Table 1. Descriptive analysis of difficulty index among three MCQs tests.
N = Number of Test Items. SD = Standard Deviation.
Table 2. ANOVA comparisons of difficulty index among the three MCQs test.
Level of significance is 5%.
Table 3. Descriptive analysis for the students’ scores among the three MCQs tests.
N = Number of Students per version. SD = Standard Deviation.
Table 4. ANOVA comparisons of students’ scores among the three MCQs test.
This study is the first study comparing more than one version of scrambled but similar-content MCQ papers in a medical school in Saudi Arabia.
Our study failed to identify any differences in the scores of students taking the version which followed content coverage sequence (version A), from other randomized versions (B, C and D).

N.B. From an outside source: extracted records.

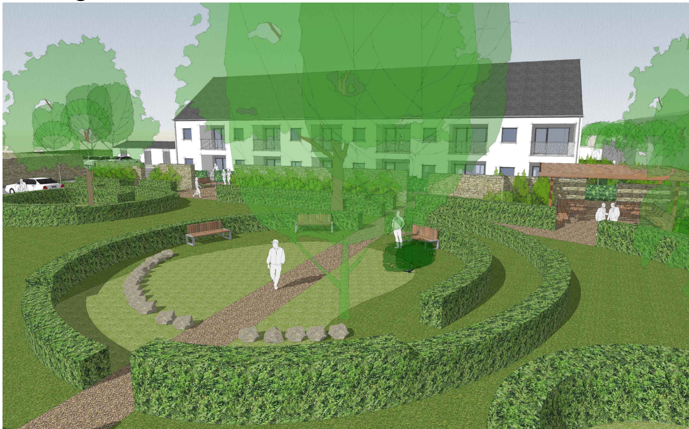
Proposed 3d View No. 3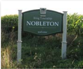
Welcome to Nobleton

Welcome to Nobleton, a rural village of approximately 3100 residents, located in the southwest quadrant of King Township. The community appreciates and celebrates its heritage. Nobleton is moving forward to meet the needs of both residents and business owners.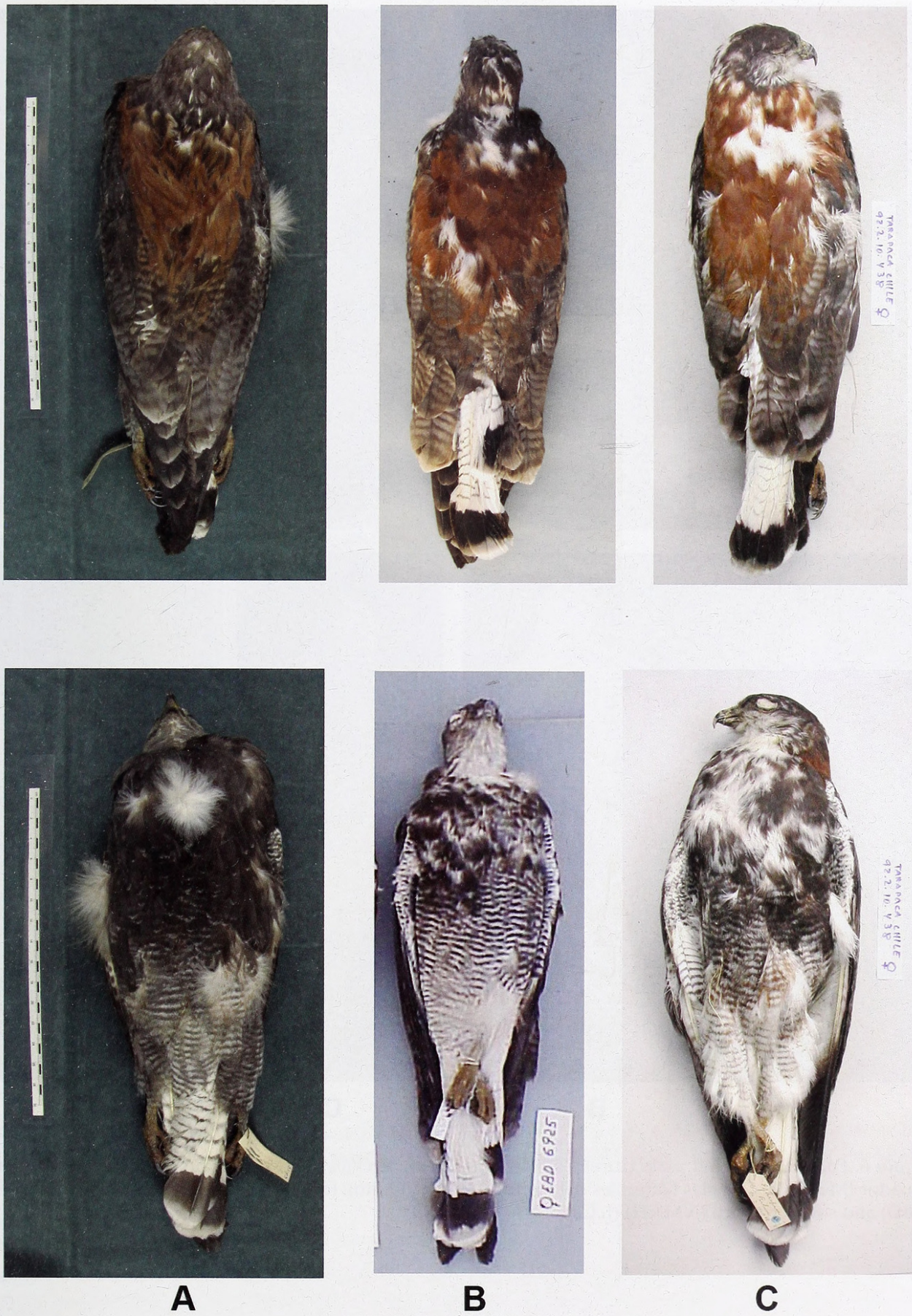
Figure 5. Dark-morph adult female Gurney's Hawks Buteo poecilochrous : (a) nominate subspecies from Ecuador (ZMB); (b and c) subspecies fielsai from Bolivia (EBD) and Chile (BMNH), respectively. Specimen (c) has a reddish tinge to the central underparts that is typical of pre-definitive plumage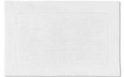
Bahamas - Border cream | 192 000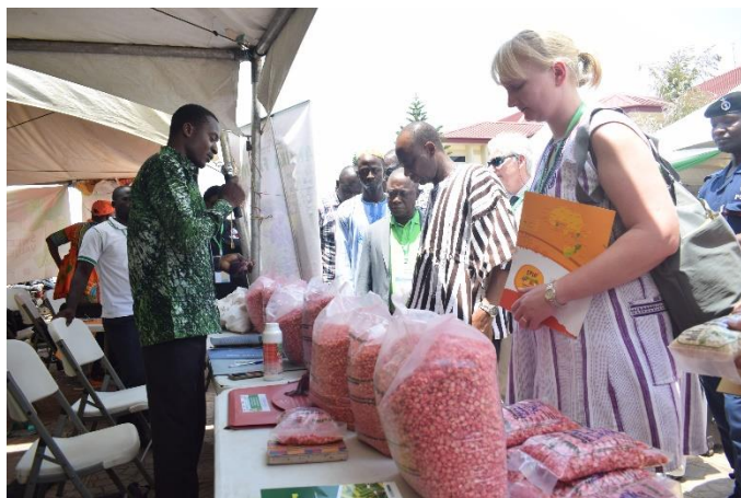
Fig 8: Dignitaries at the Exhibition stand

Hosting and Facilitation of the 8 th Pre-Season Planning and Networking Event: As part of the activities for the month of March 2018, NASTAG successfully hosted the 8 th Pre-season Planning and Networking Forum at Modern City Hotel in Tamale, on March 21, 2018. This year's event brought together over 800 agricultural value chain actors on the theme: “Quality Seed - Necessity for Food and Jobs” . The forum offered the industry players the opportunity to discuss business opportunities for the coming season. About 30 companies and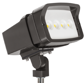
THK- Knuckle with 1/2" NPS threaded pipe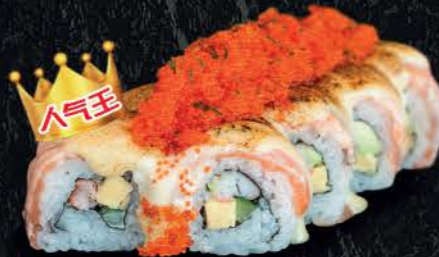
09 Aburi Miso Salmon Roll Salmon, flying fish roe, avocado, egg, cucumber, crab stick & miso sauce $13.90 (8 pcs)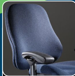
Thoracic Back Support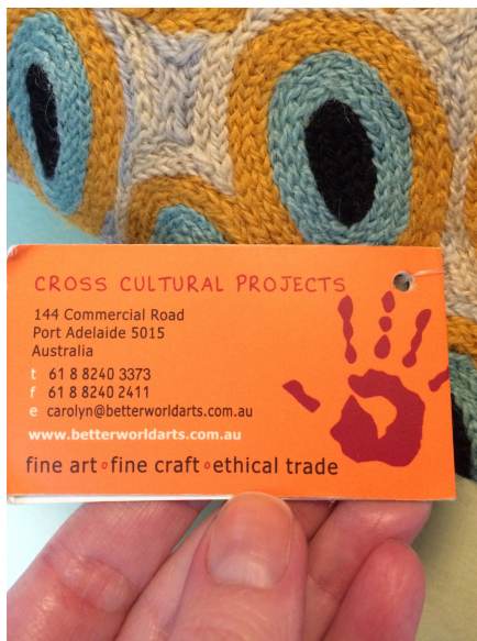
Figure 5- 11 Cross Cultural Projects

In the second example of the pillow souvenir, I compare the previous company’s high production of ethical trade and “authentic” product to one that demonstrates nearly the opposite extreme: one of understatement. In the tourism industry where symbols of luxury, value or even in this case, “fair trade” can become so overused, being inundated with symbols can almost reverse the perception that this is something of value or “authentic.” Sometimes less really can appear to be more.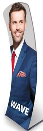
Tension Banners (up to 3m wide)

Similar to our study, Sue D.L. concluded that, the technique of scrambling multiple-choice questions in order to reduce the benefits of student cheating during the exam can be done without risk of biasing student performance (Sue, 2009) .
Another study in medical school in Pakistan comparing more than one sequence of scrambled but similar-content MCQ papers in a high-stake entrance examination over 3 years from 2008 to 2011. It failed to identify any differences in the scores of students receiving the papers which followed content coverage sequence, from those that did not (Khan, Tabasum, Mukhtar, & Iqbal, 2013) .
Zaman et al. concluded that item difficulty is not affected by the sequence of items in the test (Zaman, Niwaz, Faize, & Dahar, 2010) .
On other hand, some studies have shown that there was indeed statistically significant difference in performance when the positions of the items were altered (Ollennu, 2015; Doerner & Calhoun, 2009; Raux, Sangnier, & Ypersele, 2017) .
Although English is foreign language to our students, the sequence of items did not affect their performance, these findings contrast the results of Soureshjani K.H., who revealed that the sequence of items affect foreign language learners’ performance (Soureshjani, 2011) .
5. Conclusion & Recommendations
Up to our knowledge this is the first study comparing more than one version of scrambled but similar-content MCQ papers in a medical school in Saudi Arabia. Our study revealed that randomization of test item into versions to avoid cheating does not affect student performance or the difficulty level of the exam. Our institution can carry on their regulations of scrambling questions into different versions without hesitation. Further studies are recommended in this field to ensure better assessment of our students.